*Requirement:* Aim for an exact copy of the listing, without any images.

*Source data:*
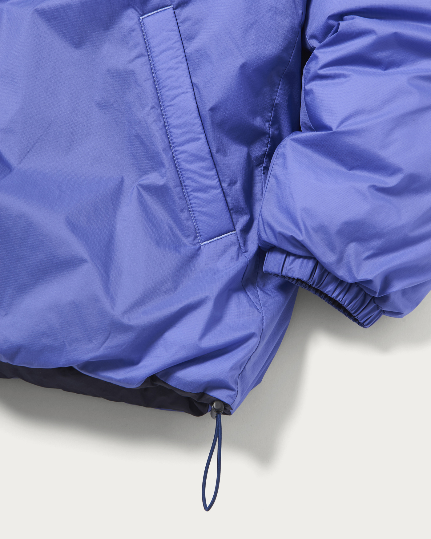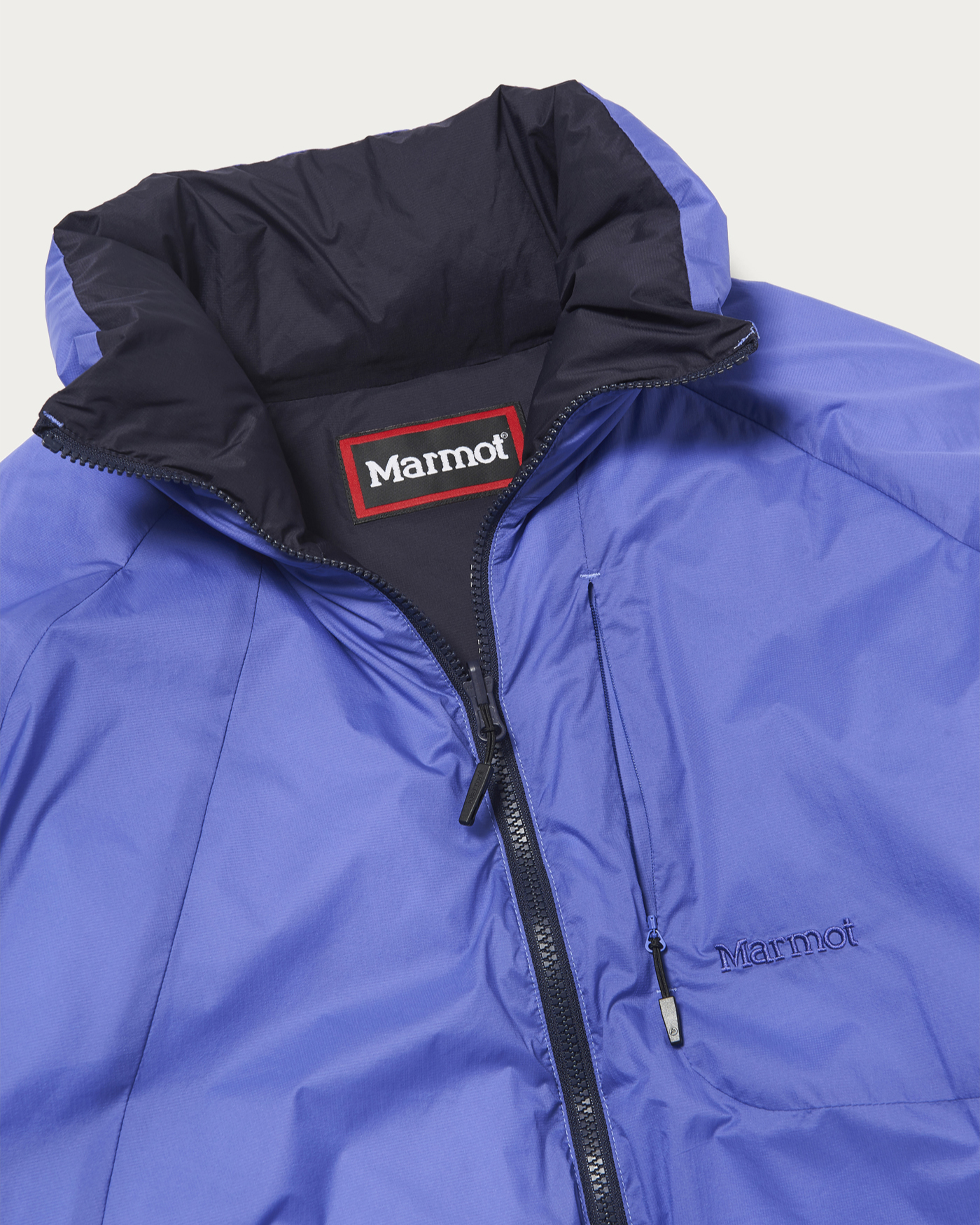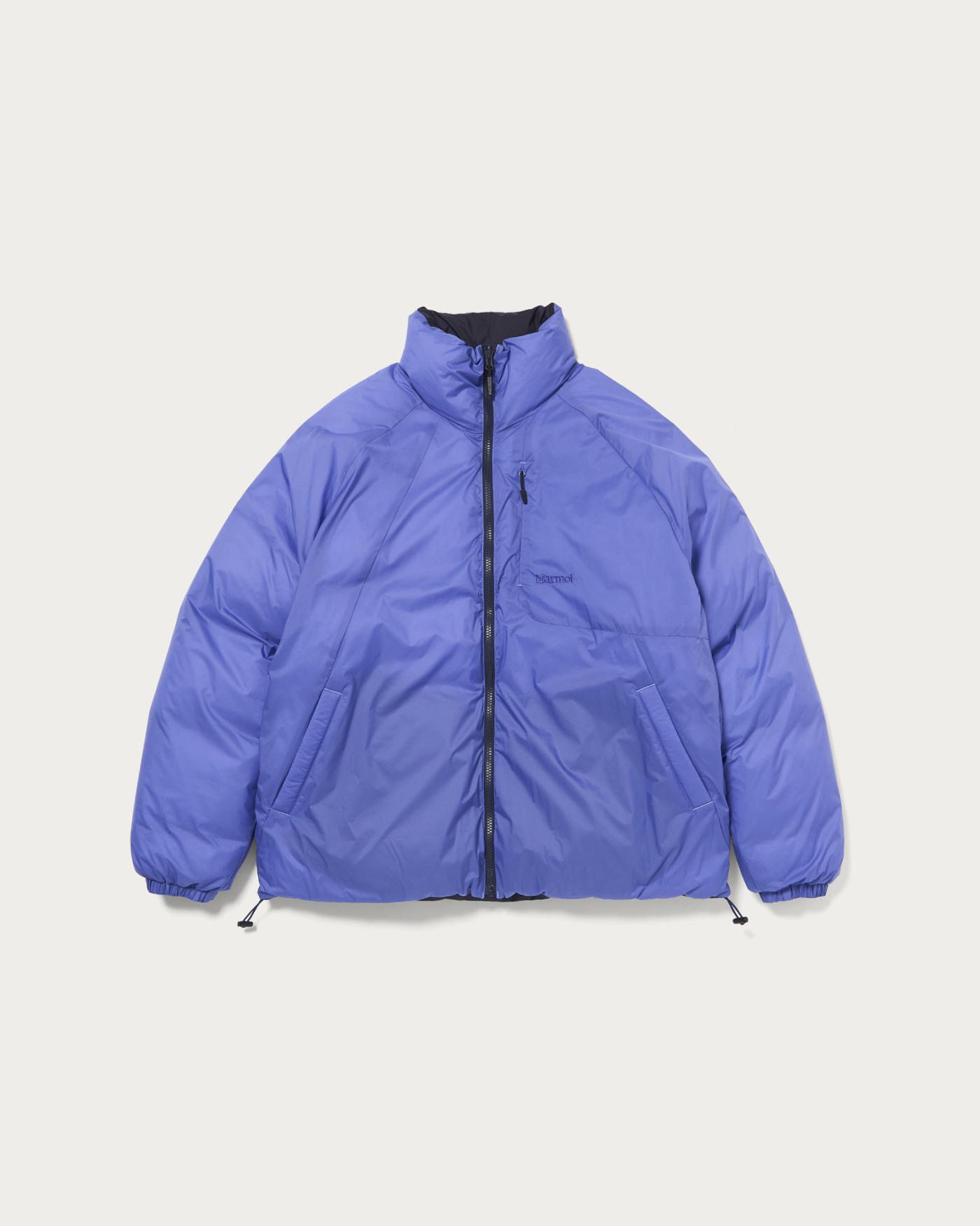 〈Marmot(マーモット)〉との別注企画。軽量ながら耐久はっ水性の高い15デニールナイロン生地を使用。750フィルパワー撥水ダウンを組み合わせ、水濡れを防ぎつつ高い保温性を実現。配色のリバーシブル仕様で、スタイリングに合わせた着こなしを楽しめる一着。
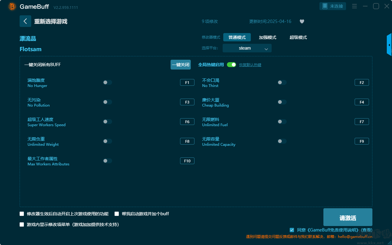 漂流品九項(xiàng)修改器pc完整版是一款專為游戲漂流品所打造的游戲輔助工具,支持玩家在steam平臺(tái)使用,可為7000+游戲進(jìn)行游戲輔助修改。玩家可在游戲漂流品的游玩過程中一鍵開啟,滿腹飽度、不會(huì)口渴、無污染、廉價(jià)大量、超級(jí)工人速度、無限燃料、無限負(fù)重、無限容量、最大工作者屬性等修改功能??靵鞬K下載站下載體驗(yàn)一下吧。
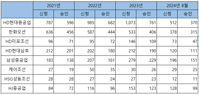 2021년부터 2024년 8월까지 8대 조선소(현대중공업, 한화오션, 삼성중공업, 현대미포조선, 삼호중공업, 케이조선, HSG성동조선, HJ중공업)의 산재처리 현황을 보면, 8대 조선소에서 총 8,223건의 산재신청이 이루어져 총 6,271건이 승인 처리됐다.
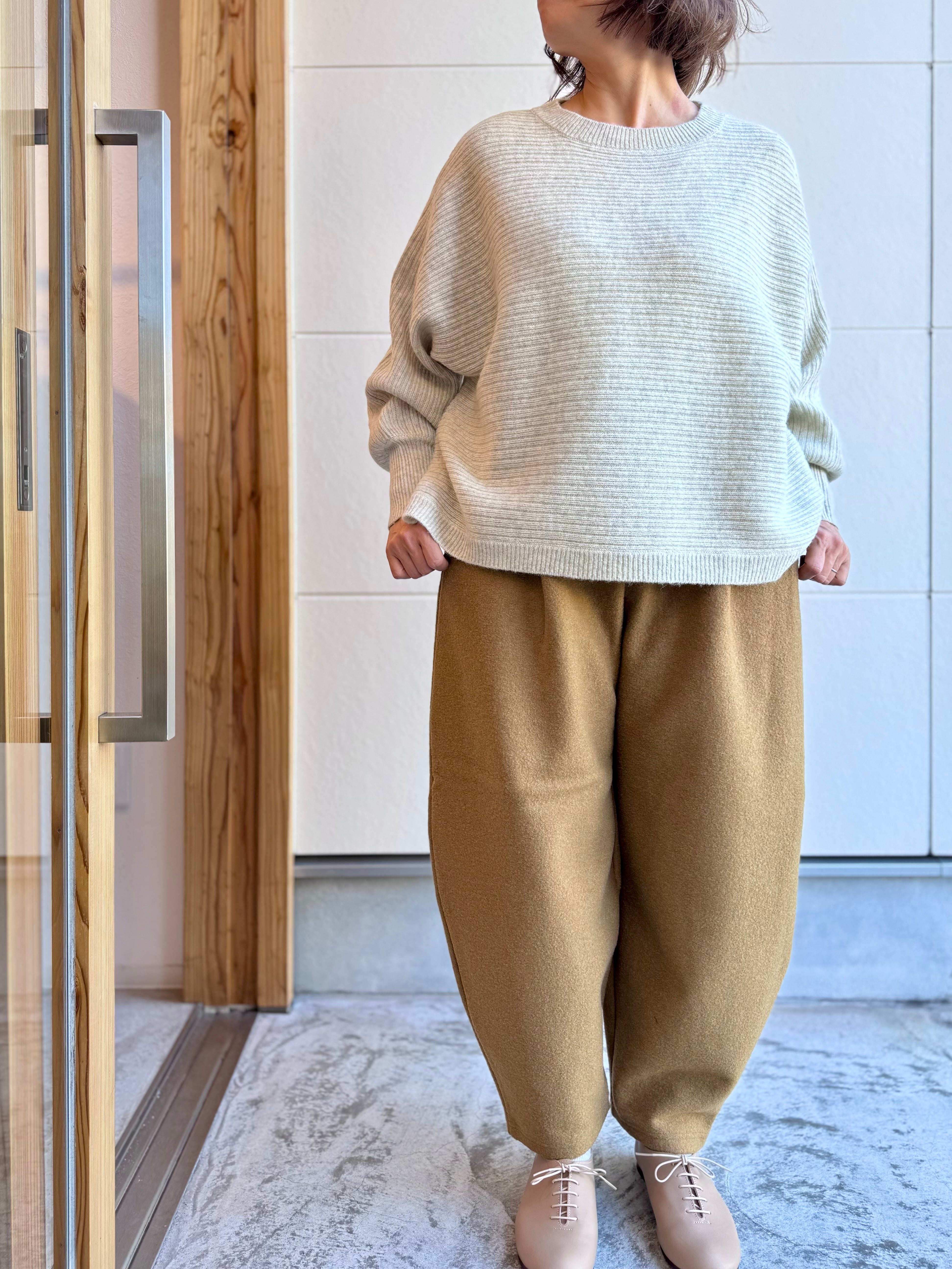 ウールリングの素材感ととても良く合っていて秋冬たくさん着たくなるパンツになっています

*Your response:*
 〈Marmot(マーモット)〉との別注企画。軽量ながら耐久はっ水性の高い15デニールナイロン生地を使用。750フィルパワー撥水ダウンを組み合わせ、水濡れを防ぎつつ高い保温性を実現。配色のリバーシブル仕様で、スタイリングに合わせた着こなしを楽しめる一着。
 漂流品九項(xiàng)修改器pc完整版是一款專為游戲漂流品所打造的游戲輔助工具,支持玩家在steam平臺(tái)使用,可為7000+游戲進(jìn)行游戲輔助修改。玩家可在游戲漂流品的游玩過程中一鍵開啟,滿腹飽度、不會(huì)口渴、無污染、廉價(jià)大量、超級(jí)工人速度、無限燃料、無限負(fù)重、無限容量、最大工作者屬性等修改功能??靵鞬K下載站下載體驗(yàn)一下吧。
 2021년부터 2024년 8월까지 8대 조선소(현대중공업, 한화오션, 삼성중공업, 현대미포조선, 삼호중공업, 케이조선, HSG성동조선, HJ중공업)의 산재처리 현황을 보면, 8대 조선소에서 총 8,223건의 산재신청이 이루어져 총 6,271건이 승인 처리됐다.
 ウールリングの素材感ととても良く合っていて秋冬たくさん着たくなるパンツになっています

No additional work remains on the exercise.